[英]Pairwise comparison of dataframe column entries in r
Data:数据:
df_dat = structure(list(code = c(1L, 10000L, 10001L), yr_1986 = c(NA, 10000L, 10001L), yr_1987 = c(NA, 10000L, 10001L), yr_1988 = c(NA, 10000L, 10001L), yr_1989 = c(NA, 10000L, NA), yr_1990 = c(NA, 10000L, NA), yr_1991 = c(1L, 10000L, 10001L), yr_1992 = c(NA, 10000L, 10001L), yr_1993 = c(NA, 10000L, 10001L), yr_1994 = c(NA, 10000L, NA), yr_1995 = c(NA, 10000L, NA), yr_1996 = c(NA, 10000L, NA), yr_1997 = c(NA, 10000L, 10001L), yr_1998 = c(NA, 10000L, 10001L), yr_1999 = c(NA, 10000L, 10001L), yr_2000 = c(NA, 10000L, 10001L), yr_2001 = c(NA, 10000L, NA), yr_2002 = c(NA, 10000L, NA), yr_2003 = c(NA, 10000L, NA), yr_2004 = c(NA, 10000L, NA), yr_2005 = c(NA, 10000L, NA), yr_2006 = c(NA, 10000L, NA), yr_2007 = c(NA, 10000L, NA), yr_2008 = c(NA, 10000L, NA), yr_2009 = c(NA, 10000L, 10001L), yr_2010 = c(NA, 10000L, 10001L), yr_2011 = c(NA, 10000L, 10001L), yr_2012 = c(NA, 10000L, 10001L), yr_2013 = c(NA, 10000L, 10001L), yr_2014 = c(NA, 10000L, NA), yr_2015 = c(NA, 10000L, NA), yr_2016 = c(NA, 10000L, NA), yr_2017 = c(NA, 10000L, NA), yr_2018 = c(NA, 10000L, NA)), .Names = c("code", "yr_1986", "yr_1987", "yr_1988", "yr_1989", "yr_1990", "yr_1991", "yr_1992", "yr_1993", "yr_1994", "yr_1995", "yr_1996", "yr_1997", "yr_1998", "yr_1999", "yr_2000", "yr_2001", "yr_2002", "yr_2003", "yr_2004", "yr_2005", "yr_2006", "yr_2007", "yr_2008", "yr_2009", "yr_2010", "yr_2011", "yr_2012", "yr_2013", "yr_2014", "yr_2015", "yr_2016", "yr_2017", "yr_2018"), class = "data.frame", row.names = c(NA, -3L))

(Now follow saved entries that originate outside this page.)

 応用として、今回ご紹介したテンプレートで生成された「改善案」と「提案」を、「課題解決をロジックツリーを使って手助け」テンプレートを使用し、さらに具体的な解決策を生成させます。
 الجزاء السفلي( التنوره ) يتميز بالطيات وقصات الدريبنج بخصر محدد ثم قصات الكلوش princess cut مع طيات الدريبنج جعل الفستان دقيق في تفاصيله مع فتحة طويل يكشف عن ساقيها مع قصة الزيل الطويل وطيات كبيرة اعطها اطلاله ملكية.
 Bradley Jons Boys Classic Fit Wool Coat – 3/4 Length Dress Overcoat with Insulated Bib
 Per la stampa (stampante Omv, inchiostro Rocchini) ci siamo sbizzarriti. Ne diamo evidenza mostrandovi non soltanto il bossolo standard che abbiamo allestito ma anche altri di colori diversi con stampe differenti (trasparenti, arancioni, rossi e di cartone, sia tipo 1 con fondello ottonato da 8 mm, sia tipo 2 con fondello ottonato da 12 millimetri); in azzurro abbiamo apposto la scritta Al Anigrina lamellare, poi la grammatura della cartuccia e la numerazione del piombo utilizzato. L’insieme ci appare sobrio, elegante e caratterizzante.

Question: I am trying to perform conditional pairwise comparison across the columns in my dataframe so as to check the reoccurence of the values stored in the first column code , which are numeric codes.问题:我正在尝试对 dataframe 中的列执行条件成对比较,以检查存储在第一列code中的值是否再次出现,这些值是数字代码。 The remaining columns in my case are in fact a time series from 1986-2018.
在我的案例中,其余列实际上是 1986-2018 年的时间序列。 What you see in every year column is in fact the occurence of the codes stored in the code column over time.

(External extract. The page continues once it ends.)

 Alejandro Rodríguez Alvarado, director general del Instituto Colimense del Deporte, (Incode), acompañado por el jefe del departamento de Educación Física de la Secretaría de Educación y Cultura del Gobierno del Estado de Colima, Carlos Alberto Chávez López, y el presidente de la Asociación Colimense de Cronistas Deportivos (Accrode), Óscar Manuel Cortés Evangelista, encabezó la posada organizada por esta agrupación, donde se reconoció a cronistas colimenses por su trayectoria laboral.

您在每年的列中看到的实际上是存储在代码列中的代码随时间的出现。
Now, to the crux of the problem.现在,到了问题的关键。 The objective is to create a new dataframe in which the entries would be populated through conditional statements based on the occurence and disappearance of the values stored in the code column through time.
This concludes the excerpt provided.